Scientifically classified in the genus Ophiocordyceps, the more than two dozen species of zombie ant agaric populate the globe, including Florida, Brazil and Japan; Scientists suspect that each of the dozens of ant species affected has its own specialized strain of Ophiocordyceps.
So far, scientists have figured out the molecular mechanism of the parasitic interaction between fungus and ant, which forms the basis of behavioral manipulation and Study 2020. However, little is known about exactly how these parasites proceed systematically.
Now scientists have found that the ant-attacking fungus is infected with its own fungal parasites, which could help keep ant zombification at bay, according to a new study.
Dr. João Araújo, Associate Curator of Mycology at the New York Botanical Garden, has been wandering tropical forests in search of zombie ants for more than a decade. Over the years, he kept noticing something odd: a blurry white fungus growing on the zombie ant agaric.
Other scientists have noticed the mysterious fungus for decades, but Araújo and his colleagues decided to become the first scientists to look at the matter systematically by focusing on a strain of Florida zombie ants. The researchers described the physical structure of the fungi growing on the zombie ant agaric and sequenced their DNA a study published Nov. 9 in the journal Personia.
The team discovered two new genera of fungi that were previously unknown to science.
“We found that there were two distinct fungal lineages, novel fungal lineages, that infected a species of zombie ant agaric in Florida,” said Araújo, the study’s lead author.
Each of the two newly discovered fungi belongs to its own genus.

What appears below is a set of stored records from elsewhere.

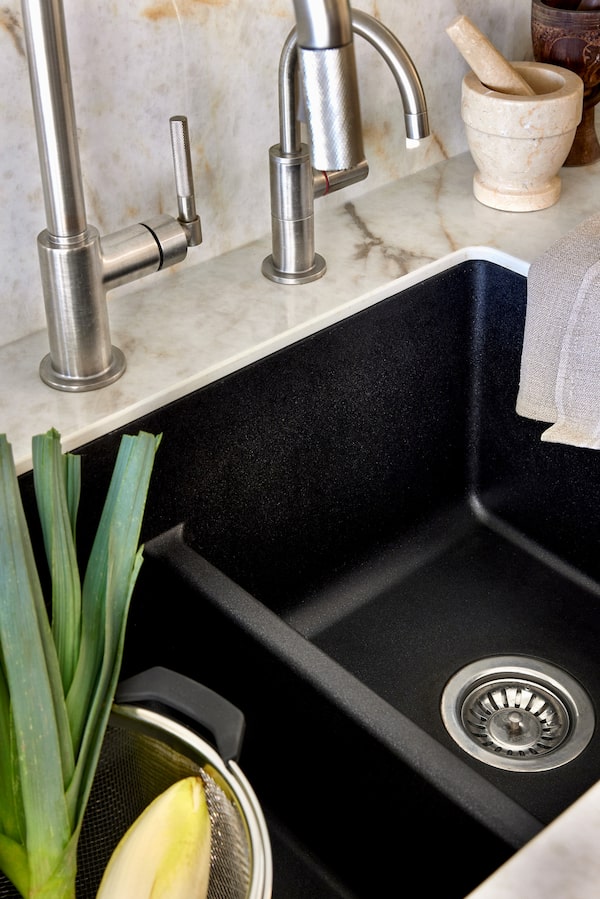 Waverman wasn’t keen to have another stainless-steel sink: “My old one looked pristine for about a week, and then it was scratched.” She spied these Blanco resin sinks at the Interior Design Show in 2019 and decided that’s what she would install if she ever moved. Fast-forward to 2022, and the stain- and scratch-resistant sink – in a purple-black colour called “Aubergine” – is a functional and dramatic feature.
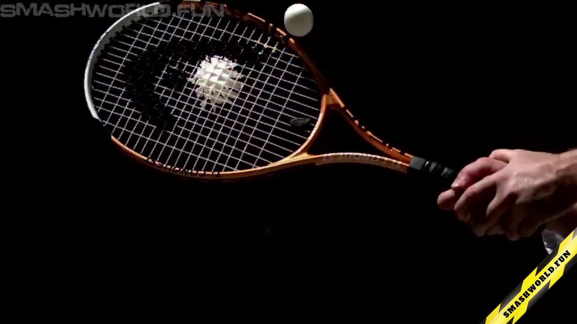 A raw egg is tossed up and hit with a tennis racket, with every stage of the collision recorded on a high speed camera. The slow motion footage highlights the delicate moment the strings make contact, followed by a vivid explosion of yolk and shell fragments that spread in intricate patterns. The detailed frames reveal the elastic deformation of the egg, the graceful flow of its contents, and the dynamic interaction between the moving racket and the fragile shell, creating a visually striking and expressive scene.
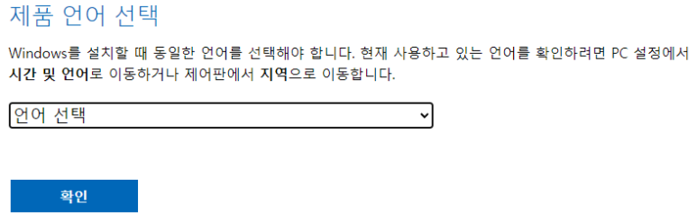 제품 언어 선택을 한국어로 하고 확인을 누른다.
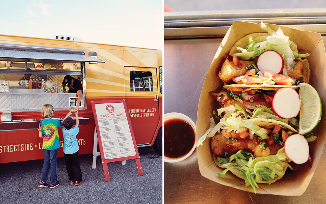 Chef Tara Diamante writes the menu board for her food truck in fluorescent colors — take a look; the vibrant pinks and greens match the food. Diamante and her chef/fiancé, Brenton Ebersold, met at Johnson & Wales University. Both are dedicated to local sourcing, and another menu board explains where every ingredient originates. Here, Peruvian pork belly tacos are served in the ubiquitous paper boat.
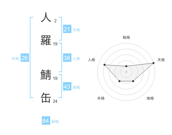 人羅 鯖缶さんの総格は64画の1点!
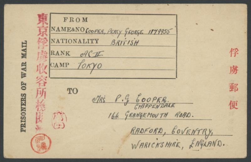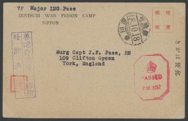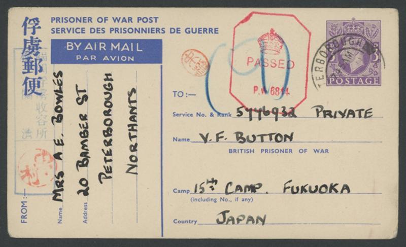 1944 Fukuoka (Miyata Number 9) Prisoner of War Camp, Kyushu British 3d POW Airmail Postal Card from Northamptonshire to "15th Camp Fukuoka" with British censor in rosine, Japanese censor in violet & han of Nakamura in scarlet, endorsed "9" for the Branch Camp with han of Motohashi in scarlet, received "25.2.45" in pencil on reverse, minor blemishes. (Image1)
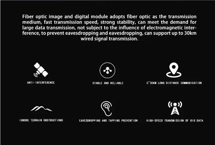 يدعم هذا النظام الاحترافي لنقل البيانات الضوئية، المدمج في الطائرات بدون طيار (مع بكرة ألياف بصرية)، نطاقات مرنة (3 كم-40 كم). يتميز بموثوقية عالية وتصميم مدمج، مما يضمن نقل بيانات مستقرًا للعمليات متوسطة/قصيرة المدى، ويلبي المتطلبات الصارمة للتداخل وعرض النطاق الترددي للمهام الصناعية.
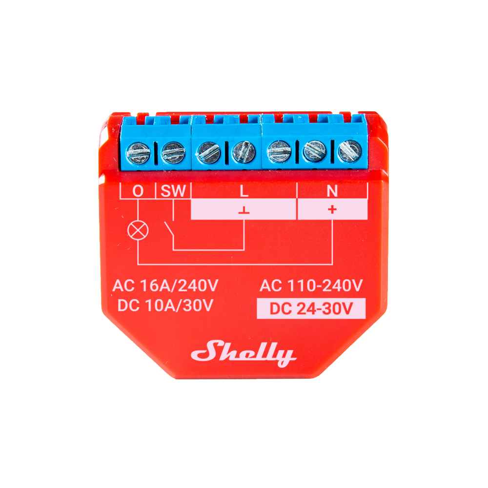 Shelly Plus 1PM – WiFi 2.4 GHz IEEE802.11 b/g/n / Bluetooth – Interruptor inteligente – Soporta 110-240 V / 24V – Medidor de consumo – Compatible con Alexa y Google
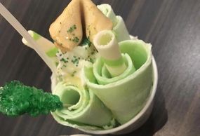 Honeydew ice cream topped with crystal candy, green sprinkles, fortune cookie, pandan wafer roll and honeydew syrup
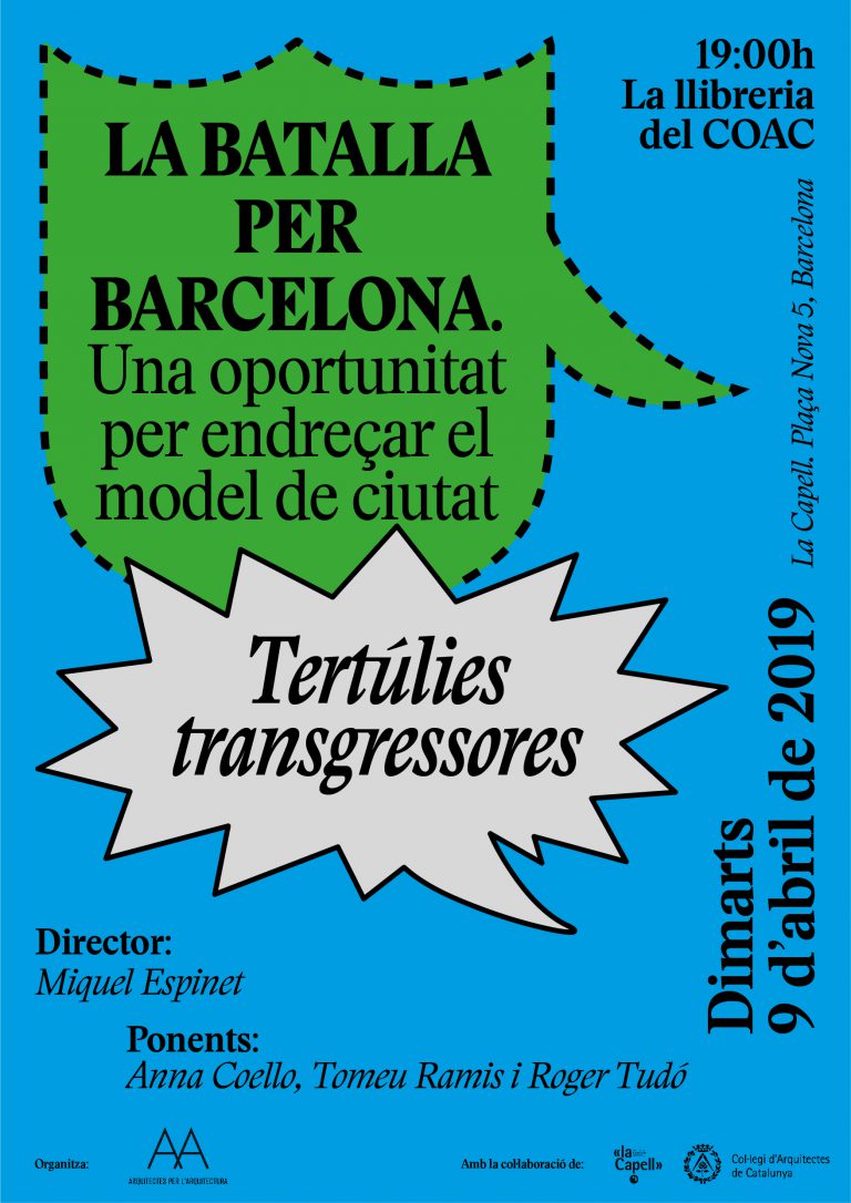 Tertúlies transgressores es un ciclo de tertulias dedicado a abordar temas de actualidad, ciudad y arquitectura con un trasfondo polémico, pero de alto interés para el ciudadano y los profesionales de la materia. Esta edición aprovecha las consultas electorales del momento: La batalla por Barcelona, ​​una oportunidad para ordenar el modelo de ciudad.
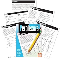 - Unleash the power of deductive reasoning and logical elimination with MindWare’s 'Perplexors: Level A'. This logic workbook is an ideal choice for grade school students, specifically designed for ages 9-10. It presents 48 entertaining story problems that require math skills, testing the abilities of kids to use clues and cross off words in a list of all possible answers to solve a puzzle. As the puzzles increase in complexity, they provide a progressive challenge to the young minds, building thinking classrooms in mathematics, grades k-12. The Perplexors: Level A is not just a kids puzzle book but a comprehensive tool for developing logic and math skills. Its engaging content makes it a perfect math puzzles for kids ages 9-12 and a useful educational resource. The logic puzzles for kids in this book provide an excellent exercise for entire classrooms or single students, enabling them to sharpen their skills while away from school. The book comes with 48 full-page puzzles with solutions. This feature makes it a great math games book, suitable for both classroom teaching and self-study. The math logic puzzles for kids in this book are a great way to prepare for standardized tests, as they build logic skills essential for problem-solving tasks. Perplexors: Level A from MindWare is a comprehensive logic workbook that combines logic puzzles, math puzzles, and games in an engaging and challenging format. It is an essential tool for helping students develop and enhance their problem-solving abilities in an entertaining way.
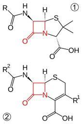 Keywords: Beta-lactam antibiotics example 1.svg Skeletal formulae of the basic structures of penicillin 1 and cephalosporin 2 antibiotics highlighting the beta-lactam ring red Created using http //www acdlabs com/download/chemsk html ACD/ChemSketch 10 0 and Inkscape ;Legend red w Beta-lactam ring Own 2007-10-23 Fvasconcellos 19 02 23 October 2007 UTC Beta-lactam antibiotics |

One of the new fungi, Niveomyces coronatus, is responsible for the zombie ant agaric’s fuzzy white coating — part of its name (‘niveo’) comes from the Latin for ‘snowy’. The second new fungus, Torrubiellomyces zombiae, is harder to spot: the small black lumps “look like fleas,” according to Araújo.
The fungi that attack the zombie ant agaric do not zombify their host themselves, but feed on its tissues and appear to damage them. “Every time we see these new genera that we’ve described growing on the fungus, the fungus looks pretty battered, really consumed by this other fungus,” Araújo said.
“In some cases, it first castrates Ophiocordyceps (the zombie-producing fungus) so it can’t shoot the spores anymore, and then it grows and then consumes the whole fungus.” Because Niveomyces and Torrubiellomyces are so new to science, it’s not clear yet how much they affect zombie ant fungal populations overall.
These new genera are the first parasites officially described as infecting the zombie ant fungus, but researchers suspect there may be others out there. “I think it’s more common than we think. Parasitism is a super lucrative lifestyle,” said lead study author Dr. Charissa de Bekker, Assistant Professor at Utrecht University in the Netherlands. “It might be the most dominant lifestyle on the planet.”
In addition, parasites in general and parasitic fungi in particular have hardly been researched. “The fact that we had to call up two new genera shows you how little we know about this part of the fungal tree of life,” de Bekker said.
By deepening our understanding of the zombie ant fungus, the new research could have applications beyond studying fungi, said Dr. Carolyn Elya, postdoctoral researcher in organismal and evolutionary biology at Harvard University. She was not involved in the study.
“Ophiocordyceps has essentially evolved into a skilled neuroscientist. It knows exactly which buttons to push and how to get the ant to do what it wants,” she said. “By examining how to solve this problem, we can gain insight into our broader goal of trying to understand how brains work or produce behavior.”